_Work to be completed:_ Here the job is to print all of the entries below verbatim and leave out any picture.

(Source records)

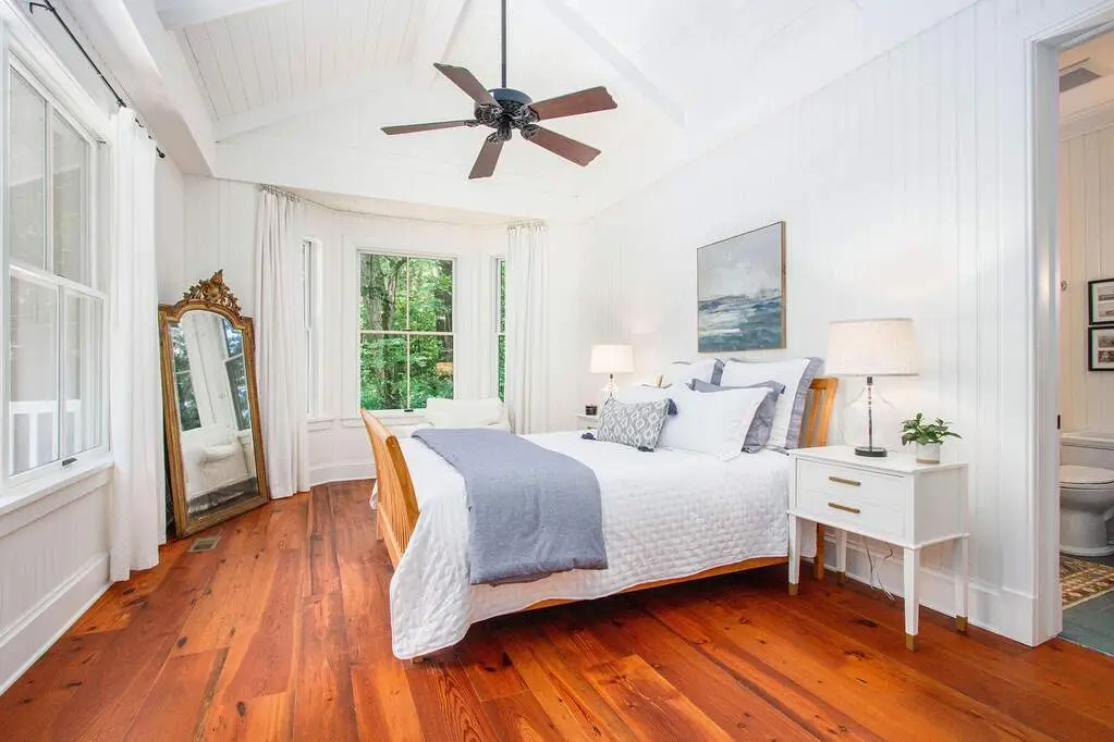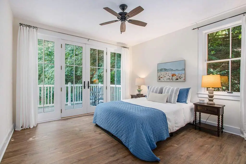 Serene lakefront-facing primary suite
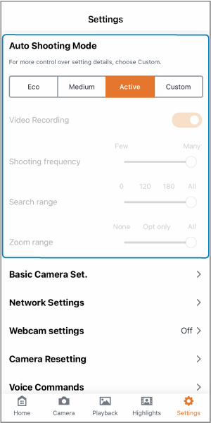 - Pentru a economisi energie, setaţi articolul [Auto Shooting Mode] (Mod fotografiere automată) la [Eco] sau [Medium] (Mediu).
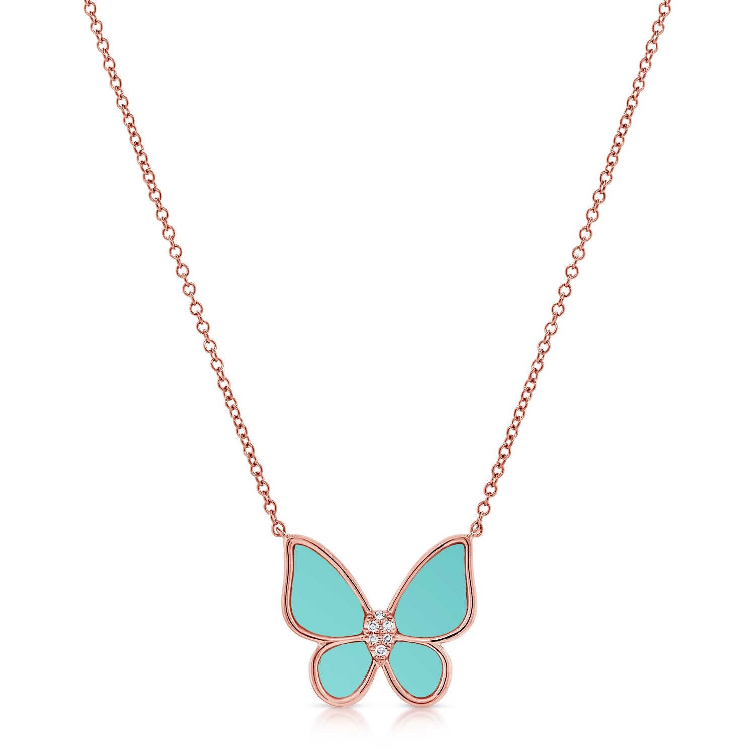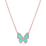 Turquoise & Diamond Butterfly Necklace made in 14K Gold
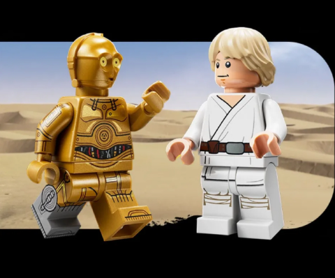 В набор входят минифигурка Люка Скайуокера и минифигурка C-3PO
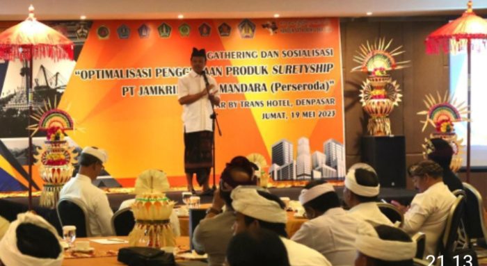 Denpasar – Sekretaris Daerah Provinsi Bali sekaligus Komisaris Utama PT. Jamkrida Bali Mandara (JBM) Dewa Made Indra mengajak pemerintah daerah di Bali, baik tingkat Provinsi dan Kabupaten untuk tetap menggunakan produk UMKM Bali yang dijamin oleh PT. JBM dalam produk Suretyship. Hal itu dikatakannya saat menjadi keynote speaker dalam acara Gathering dan Sosialisasi oleh PT. JBM dengan tema “Optimalisasi Penggunaan Produk Suretyship PT. Jamkrida Bali Mandara” bertempat di Four Star Trans Hotel, Renon, Denpasar, pada Jumat (19/5/2023).
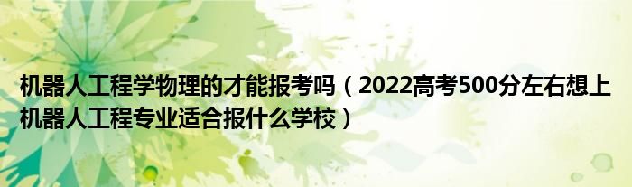 大家好,小高来为大家解答以上问题。机器人工程学物理的才能报考吗,2022高考500分左右想上机器人工程专业适合报什么学校很多人还不知道,现在让我们一起来看看吧!

_Task answer:_
 Serene lakefront-facing primary suite
 - Pentru a economisi energie, setaţi articolul [Auto Shooting Mode] (Mod fotografiere automată) la [Eco] sau [Medium] (Mediu).
 Turquoise & Diamond Butterfly Necklace made in 14K Gold
 В набор входят минифигурка Люка Скайуокера и минифигурка C-3PO
 Denpasar – Sekretaris Daerah Provinsi Bali sekaligus Komisaris Utama PT. Jamkrida Bali Mandara (JBM) Dewa Made Indra mengajak pemerintah daerah di Bali, baik tingkat Provinsi dan Kabupaten untuk tetap menggunakan produk UMKM Bali yang dijamin oleh PT. JBM dalam produk Suretyship. Hal itu dikatakannya saat menjadi keynote speaker dalam acara Gathering dan Sosialisasi oleh PT. JBM dengan tema “Optimalisasi Penggunaan Produk Suretyship PT. Jamkrida Bali Mandara” bertempat di Four Star Trans Hotel, Renon, Denpasar, pada Jumat (19/5/2023).
 大家好,小高来为大家解答以上问题。机器人工程学物理的才能报考吗,2022高考500分左右想上机器人工程专业适合报什么学校很多人还不知道,现在让我们一起来看看吧!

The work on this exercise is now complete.